Normally the volatility and movement in prices of mid-cap stocks and index is relatively higher as compared to Nifty stock and Nifty Index. In the last one year the Nifty index has declined from 6338 in November 2010 to 4639 in November 2011 which is approximately 27%. In the same period Nifty Mid-cap representing 50 stocks has come down from 3290 to 1833 which is a fall of approx 44%. Also CNX Mid-cap representing 100 stocks has come down from 9853 to 6398 which is fall of 35%. Therefore in mid-cap stocks, the good is well rewarded and the bad is severely punished.

Even though the mid-cap index has declined by 40% (approx) in the last one year, Infra companies have declined between 65 to 75%. For example the share of HDIL (Housing Development Infrastructure Ltd) has declined from a high of Rs 266 to Rs 62 in the last one year registering a fall of 76%. Similarly other mid-cap infra companies like IVRCL, Unitech, HCC and Punj Lloyd being in the same sector has undergone severe correction between 65% to 75% in the last one year. This is due to the fact that these companies have long gestation periods and there are delays in execution and completion of projects on time. The rising interest rates have put severe pressure on the profitability of these companies.
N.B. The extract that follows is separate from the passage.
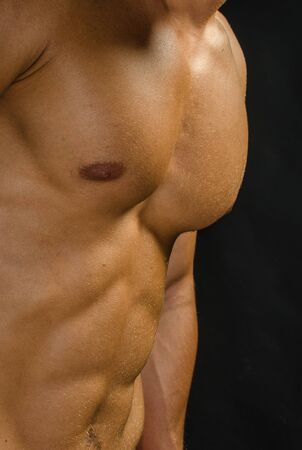 Male muscular sensual strong naked torso with cool abs and pectorals on belly of sporting bodybuilder boy closeup on dark background black and white, horizontal picture

Also they are cash starved for their working capital needs. Investors should carefully monitor these developments and accordingly avoid investing in these sectors. Another example is EDUCOM which has fallen from a high of Rs 654 to Rs 162 in the last one year registering a fall of 68%. This is due to the fact that the investors have lost confidence in the sustainability and sequential growth of this company. Moreover the company had other accounting disclosure issues and recently had searches and enquiries conducted by revenue authorities.

In other words the investor has to be twice cautious in choosing to invest on mid-caps and do a thorough analysis about the price, values and growth potential of the stock. Also he should have a good knowledge about the industry, management and track record of these companies.

Now let us analyse the opportunities that exist in mid-cap stocks in today’s market condition. One thing that is clear in the market is that the market has substantially corrected in mid-cap stocks up to 40 to 45% in the last one year. There are potential scrips with attractive valuations for a holding period of 12 to 18 months which can reward the investors phenomenally. United Phosphorus for example has come down from a high of Rs 216 to Rs 112 in the last one year and currently trading at Rs130. This is a chemical company with global reach and consistent earnings. This may be added to the portfolio at current price.

Also the share price of JSW Steel has come down from a high of Rs 1345 to Rs 479 registering a fall of 64% in one year and currently trading at Rs576. The company recently had issues on iron ore procurement and therefore the share prices were beaten out of shape. The company belongs to Jindal group who are very aggressive in their business models and this mid-cap stock could appreciate at least 30 to 40% in the next one year.

Similarly India Cements have fallen from a high of Rs 143 to Rs 62 in the last one year and currently trading at Rs 72. The recent quarterly results of the company have shown excellent turnaround and the share has got a potential to double in the next two years.

Overall mid-cap stocks are like double edged sword and will have to be carefully handled knowing the market conditions, the stock, the industry, the price , the track record, the management etc. However if such care is taken mid-cap stocks will out beat and give phenomenal returns in the market and many  mid-cap of the previous year are already shinning as large cap shares today.